Instructions for the task ▸ Please restate the data word for word, leaving out no line.
╭─ Available data
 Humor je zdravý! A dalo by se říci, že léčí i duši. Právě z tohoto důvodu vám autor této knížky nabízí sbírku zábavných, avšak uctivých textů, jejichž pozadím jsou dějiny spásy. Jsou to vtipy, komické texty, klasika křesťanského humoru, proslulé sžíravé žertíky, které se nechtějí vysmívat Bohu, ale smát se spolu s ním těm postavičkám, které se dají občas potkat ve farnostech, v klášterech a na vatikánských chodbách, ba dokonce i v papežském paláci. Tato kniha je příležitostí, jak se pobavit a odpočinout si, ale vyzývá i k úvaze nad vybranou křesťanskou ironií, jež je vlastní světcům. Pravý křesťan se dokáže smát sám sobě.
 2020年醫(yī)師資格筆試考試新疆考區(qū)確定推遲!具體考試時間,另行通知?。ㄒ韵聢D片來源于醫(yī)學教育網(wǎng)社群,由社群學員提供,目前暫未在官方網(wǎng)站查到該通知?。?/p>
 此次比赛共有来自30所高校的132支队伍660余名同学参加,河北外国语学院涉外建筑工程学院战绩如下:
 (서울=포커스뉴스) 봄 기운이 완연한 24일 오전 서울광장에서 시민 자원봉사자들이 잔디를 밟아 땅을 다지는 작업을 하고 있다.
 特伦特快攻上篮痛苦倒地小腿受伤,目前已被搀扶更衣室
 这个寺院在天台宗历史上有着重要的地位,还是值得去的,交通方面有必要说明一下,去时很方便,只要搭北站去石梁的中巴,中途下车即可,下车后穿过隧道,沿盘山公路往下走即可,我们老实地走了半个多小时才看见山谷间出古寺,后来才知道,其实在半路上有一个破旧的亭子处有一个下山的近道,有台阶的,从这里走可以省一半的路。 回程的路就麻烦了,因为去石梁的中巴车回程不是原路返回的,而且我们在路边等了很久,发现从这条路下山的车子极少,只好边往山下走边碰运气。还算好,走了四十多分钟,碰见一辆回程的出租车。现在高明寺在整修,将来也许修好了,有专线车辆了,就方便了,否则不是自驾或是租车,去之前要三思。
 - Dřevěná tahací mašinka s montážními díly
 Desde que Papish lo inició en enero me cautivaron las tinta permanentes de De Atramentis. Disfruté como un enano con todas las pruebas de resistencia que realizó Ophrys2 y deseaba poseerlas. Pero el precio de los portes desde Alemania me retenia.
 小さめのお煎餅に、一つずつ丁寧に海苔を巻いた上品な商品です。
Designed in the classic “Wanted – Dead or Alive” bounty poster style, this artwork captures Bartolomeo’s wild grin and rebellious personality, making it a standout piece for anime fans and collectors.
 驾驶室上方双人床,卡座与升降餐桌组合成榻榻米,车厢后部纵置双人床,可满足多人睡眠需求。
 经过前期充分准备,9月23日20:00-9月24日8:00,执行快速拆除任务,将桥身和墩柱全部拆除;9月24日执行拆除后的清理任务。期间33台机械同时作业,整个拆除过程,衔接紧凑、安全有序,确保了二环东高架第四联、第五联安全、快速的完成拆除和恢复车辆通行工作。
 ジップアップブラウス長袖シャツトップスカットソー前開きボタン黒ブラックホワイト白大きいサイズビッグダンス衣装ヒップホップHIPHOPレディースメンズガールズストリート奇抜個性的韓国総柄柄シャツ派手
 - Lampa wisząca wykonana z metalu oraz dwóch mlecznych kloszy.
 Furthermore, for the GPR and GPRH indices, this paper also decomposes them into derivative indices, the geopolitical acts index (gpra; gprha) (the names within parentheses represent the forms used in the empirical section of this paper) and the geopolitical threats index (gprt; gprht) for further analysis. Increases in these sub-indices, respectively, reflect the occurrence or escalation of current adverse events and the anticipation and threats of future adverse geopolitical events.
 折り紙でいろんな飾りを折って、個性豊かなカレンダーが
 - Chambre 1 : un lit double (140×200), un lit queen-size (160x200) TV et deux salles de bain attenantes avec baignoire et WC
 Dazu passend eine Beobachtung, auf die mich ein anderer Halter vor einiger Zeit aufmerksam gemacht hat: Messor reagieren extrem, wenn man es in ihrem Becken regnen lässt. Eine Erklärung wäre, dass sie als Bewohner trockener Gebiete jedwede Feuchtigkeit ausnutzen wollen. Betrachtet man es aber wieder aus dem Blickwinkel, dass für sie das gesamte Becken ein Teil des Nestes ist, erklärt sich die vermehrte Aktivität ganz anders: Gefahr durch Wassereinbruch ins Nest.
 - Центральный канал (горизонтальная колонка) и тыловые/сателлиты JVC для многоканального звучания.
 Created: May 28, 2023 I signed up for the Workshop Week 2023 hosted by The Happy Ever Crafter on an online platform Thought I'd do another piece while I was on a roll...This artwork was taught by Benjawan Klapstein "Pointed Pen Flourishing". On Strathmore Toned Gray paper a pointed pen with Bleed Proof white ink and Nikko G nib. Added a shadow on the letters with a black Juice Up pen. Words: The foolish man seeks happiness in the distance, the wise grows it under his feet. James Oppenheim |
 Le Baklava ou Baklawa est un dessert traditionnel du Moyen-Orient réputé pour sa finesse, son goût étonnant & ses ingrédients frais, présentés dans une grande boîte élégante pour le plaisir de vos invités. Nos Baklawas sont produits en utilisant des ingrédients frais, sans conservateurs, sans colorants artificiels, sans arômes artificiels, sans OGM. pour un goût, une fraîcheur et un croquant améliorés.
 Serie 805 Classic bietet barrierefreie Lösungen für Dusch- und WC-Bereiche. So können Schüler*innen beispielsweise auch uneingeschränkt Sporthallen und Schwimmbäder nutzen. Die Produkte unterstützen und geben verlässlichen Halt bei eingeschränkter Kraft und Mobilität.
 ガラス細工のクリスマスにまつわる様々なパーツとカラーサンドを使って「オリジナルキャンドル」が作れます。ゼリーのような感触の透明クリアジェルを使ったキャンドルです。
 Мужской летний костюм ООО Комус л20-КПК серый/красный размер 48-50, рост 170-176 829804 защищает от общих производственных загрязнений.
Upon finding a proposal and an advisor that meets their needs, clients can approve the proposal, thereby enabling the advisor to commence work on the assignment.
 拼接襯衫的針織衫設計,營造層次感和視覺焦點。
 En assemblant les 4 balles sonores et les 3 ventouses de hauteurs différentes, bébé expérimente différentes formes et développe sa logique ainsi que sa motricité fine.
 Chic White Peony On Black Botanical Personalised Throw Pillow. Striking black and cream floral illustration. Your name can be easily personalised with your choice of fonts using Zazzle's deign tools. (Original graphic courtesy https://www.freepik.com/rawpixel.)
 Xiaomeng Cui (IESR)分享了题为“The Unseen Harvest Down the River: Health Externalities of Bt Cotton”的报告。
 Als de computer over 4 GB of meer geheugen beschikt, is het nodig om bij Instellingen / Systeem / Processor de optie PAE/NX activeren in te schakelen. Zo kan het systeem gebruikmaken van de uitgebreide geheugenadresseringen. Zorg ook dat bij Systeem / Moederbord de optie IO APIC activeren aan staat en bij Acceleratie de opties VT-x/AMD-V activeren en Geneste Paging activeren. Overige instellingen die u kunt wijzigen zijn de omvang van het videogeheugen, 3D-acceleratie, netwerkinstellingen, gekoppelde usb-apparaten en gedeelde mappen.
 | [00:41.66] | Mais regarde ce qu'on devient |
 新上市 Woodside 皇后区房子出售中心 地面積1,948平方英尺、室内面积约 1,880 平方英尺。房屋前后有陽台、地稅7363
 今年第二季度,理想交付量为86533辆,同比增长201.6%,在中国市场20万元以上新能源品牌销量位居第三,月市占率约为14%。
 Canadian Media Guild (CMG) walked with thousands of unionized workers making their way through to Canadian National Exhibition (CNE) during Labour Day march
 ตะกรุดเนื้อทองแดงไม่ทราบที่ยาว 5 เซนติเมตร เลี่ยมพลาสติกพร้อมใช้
╰─
Response box ▸
 Humor je zdravý! A dalo by se říci, že léčí i duši. Právě z tohoto důvodu vám autor této knížky nabízí sbírku zábavných, avšak uctivých textů, jejichž pozadím jsou dějiny spásy. Jsou to vtipy, komické texty, klasika křesťanského humoru, proslulé sžíravé žertíky, které se nechtějí vysmívat Bohu, ale smát se spolu s ním těm postavičkám, které se dají občas potkat ve farnostech, v klášterech a na vatikánských chodbách, ba dokonce i v papežském paláci. Tato kniha je příležitostí, jak se pobavit a odpočinout si, ale vyzývá i k úvaze nad vybranou křesťanskou ironií, jež je vlastní světcům. Pravý křesťan se dokáže smát sám sobě.
 2020年醫(yī)師資格筆試考試新疆考區(qū)確定推遲!具體考試時間,另行通知?。ㄒ韵聢D片來源于醫(yī)學教育網(wǎng)社群,由社群學員提供,目前暫未在官方網(wǎng)站查到該通知?。?/p>
 此次比赛共有来自30所高校的132支队伍660余名同学参加,河北外国语学院涉外建筑工程学院战绩如下:
 (서울=포커스뉴스) 봄 기운이 완연한 24일 오전 서울광장에서 시민 자원봉사자들이 잔디를 밟아 땅을 다지는 작업을 하고 있다.
 特伦特快攻上篮痛苦倒地小腿受伤,目前已被搀扶更衣室
 这个寺院在天台宗历史上有着重要的地位,还是值得去的,交通方面有必要说明一下,去时很方便,只要搭北站去石梁的中巴,中途下车即可,下车后穿过隧道,沿盘山公路往下走即可,我们老实地走了半个多小时才看见山谷间出古寺,后来才知道,其实在半路上有一个破旧的亭子处有一个下山的近道,有台阶的,从这里走可以省一半的路。 回程的路就麻烦了,因为去石梁的中巴车回程不是原路返回的,而且我们在路边等了很久,发现从这条路下山的车子极少,只好边往山下走边碰运气。还算好,走了四十多分钟,碰见一辆回程的出租车。现在高明寺在整修,将来也许修好了,有专线车辆了,就方便了,否则不是自驾或是租车,去之前要三思。
 - Dřevěná tahací mašinka s montážními díly
 Desde que Papish lo inició en enero me cautivaron las tinta permanentes de De Atramentis. Disfruté como un enano con todas las pruebas de resistencia que realizó Ophrys2 y deseaba poseerlas. Pero el precio de los portes desde Alemania me retenia.
 小さめのお煎餅に、一つずつ丁寧に海苔を巻いた上品な商品です。
Designed in the classic “Wanted – Dead or Alive” bounty poster style, this artwork captures Bartolomeo’s wild grin and rebellious personality, making it a standout piece for anime fans and collectors.
 驾驶室上方双人床,卡座与升降餐桌组合成榻榻米,车厢后部纵置双人床,可满足多人睡眠需求。
 经过前期充分准备,9月23日20:00-9月24日8:00,执行快速拆除任务,将桥身和墩柱全部拆除;9月24日执行拆除后的清理任务。期间33台机械同时作业,整个拆除过程,衔接紧凑、安全有序,确保了二环东高架第四联、第五联安全、快速的完成拆除和恢复车辆通行工作。
 ジップアップブラウス長袖シャツトップスカットソー前開きボタン黒ブラックホワイト白大きいサイズビッグダンス衣装ヒップホップHIPHOPレディースメンズガールズストリート奇抜個性的韓国総柄柄シャツ派手
 - Lampa wisząca wykonana z metalu oraz dwóch mlecznych kloszy.
 Furthermore, for the GPR and GPRH indices, this paper also decomposes them into derivative indices, the geopolitical acts index (gpra; gprha) (the names within parentheses represent the forms used in the empirical section of this paper) and the geopolitical threats index (gprt; gprht) for further analysis. Increases in these sub-indices, respectively, reflect the occurrence or escalation of current adverse events and the anticipation and threats of future adverse geopolitical events.
 折り紙でいろんな飾りを折って、個性豊かなカレンダーが
 - Chambre 1 : un lit double (140×200), un lit queen-size (160x200) TV et deux salles de bain attenantes avec baignoire et WC
 Dazu passend eine Beobachtung, auf die mich ein anderer Halter vor einiger Zeit aufmerksam gemacht hat: Messor reagieren extrem, wenn man es in ihrem Becken regnen lässt. Eine Erklärung wäre, dass sie als Bewohner trockener Gebiete jedwede Feuchtigkeit ausnutzen wollen. Betrachtet man es aber wieder aus dem Blickwinkel, dass für sie das gesamte Becken ein Teil des Nestes ist, erklärt sich die vermehrte Aktivität ganz anders: Gefahr durch Wassereinbruch ins Nest.
 - Центральный канал (горизонтальная колонка) и тыловые/сателлиты JVC для многоканального звучания.
 Created: May 28, 2023 I signed up for the Workshop Week 2023 hosted by The Happy Ever Crafter on an online platform Thought I'd do another piece while I was on a roll...This artwork was taught by Benjawan Klapstein "Pointed Pen Flourishing". On Strathmore Toned Gray paper a pointed pen with Bleed Proof white ink and Nikko G nib. Added a shadow on the letters with a black Juice Up pen. Words: The foolish man seeks happiness in the distance, the wise grows it under his feet. James Oppenheim |
 Le Baklava ou Baklawa est un dessert traditionnel du Moyen-Orient réputé pour sa finesse, son goût étonnant & ses ingrédients frais, présentés dans une grande boîte élégante pour le plaisir de vos invités. Nos Baklawas sont produits en utilisant des ingrédients frais, sans conservateurs, sans colorants artificiels, sans arômes artificiels, sans OGM. pour un goût, une fraîcheur et un croquant améliorés.
 Serie 805 Classic bietet barrierefreie Lösungen für Dusch- und WC-Bereiche. So können Schüler*innen beispielsweise auch uneingeschränkt Sporthallen und Schwimmbäder nutzen. Die Produkte unterstützen und geben verlässlichen Halt bei eingeschränkter Kraft und Mobilität.
 ガラス細工のクリスマスにまつわる様々なパーツとカラーサンドを使って「オリジナルキャンドル」が作れます。ゼリーのような感触の透明クリアジェルを使ったキャンドルです。
 Мужской летний костюм ООО Комус л20-КПК серый/красный размер 48-50, рост 170-176 829804 защищает от общих производственных загрязнений.
Upon finding a proposal and an advisor that meets their needs, clients can approve the proposal, thereby enabling the advisor to commence work on the assignment.
 拼接襯衫的針織衫設計,營造層次感和視覺焦點。
 En assemblant les 4 balles sonores et les 3 ventouses de hauteurs différentes, bébé expérimente différentes formes et développe sa logique ainsi que sa motricité fine.
 Chic White Peony On Black Botanical Personalised Throw Pillow. Striking black and cream floral illustration. Your name can be easily personalised with your choice of fonts using Zazzle's deign tools. (Original graphic courtesy https://www.freepik.com/rawpixel.)
 Xiaomeng Cui (IESR)分享了题为“The Unseen Harvest Down the River: Health Externalities of Bt Cotton”的报告。
 Als de computer over 4 GB of meer geheugen beschikt, is het nodig om bij Instellingen / Systeem / Processor de optie PAE/NX activeren in te schakelen. Zo kan het systeem gebruikmaken van de uitgebreide geheugenadresseringen. Zorg ook dat bij Systeem / Moederbord de optie IO APIC activeren aan staat en bij Acceleratie de opties VT-x/AMD-V activeren en Geneste Paging activeren. Overige instellingen die u kunt wijzigen zijn de omvang van het videogeheugen, 3D-acceleratie, netwerkinstellingen, gekoppelde usb-apparaten en gedeelde mappen.
 | [00:41.66] | Mais regarde ce qu'on devient |
 新上市 Woodside 皇后区房子出售中心 地面積1,948平方英尺、室内面积约 1,880 平方英尺。房屋前后有陽台、地稅7363
 今年第二季度,理想交付量为86533辆,同比增长201.6%,在中国市场20万元以上新能源品牌销量位居第三,月市占率约为14%。
 Canadian Media Guild (CMG) walked with thousands of unionized workers making their way through to Canadian National Exhibition (CNE) during Labour Day march
 ตะกรุดเนื้อทองแดงไม่ทราบที่ยาว 5 เซนติเมตร เลี่ยมพลาสติกพร้อมใช้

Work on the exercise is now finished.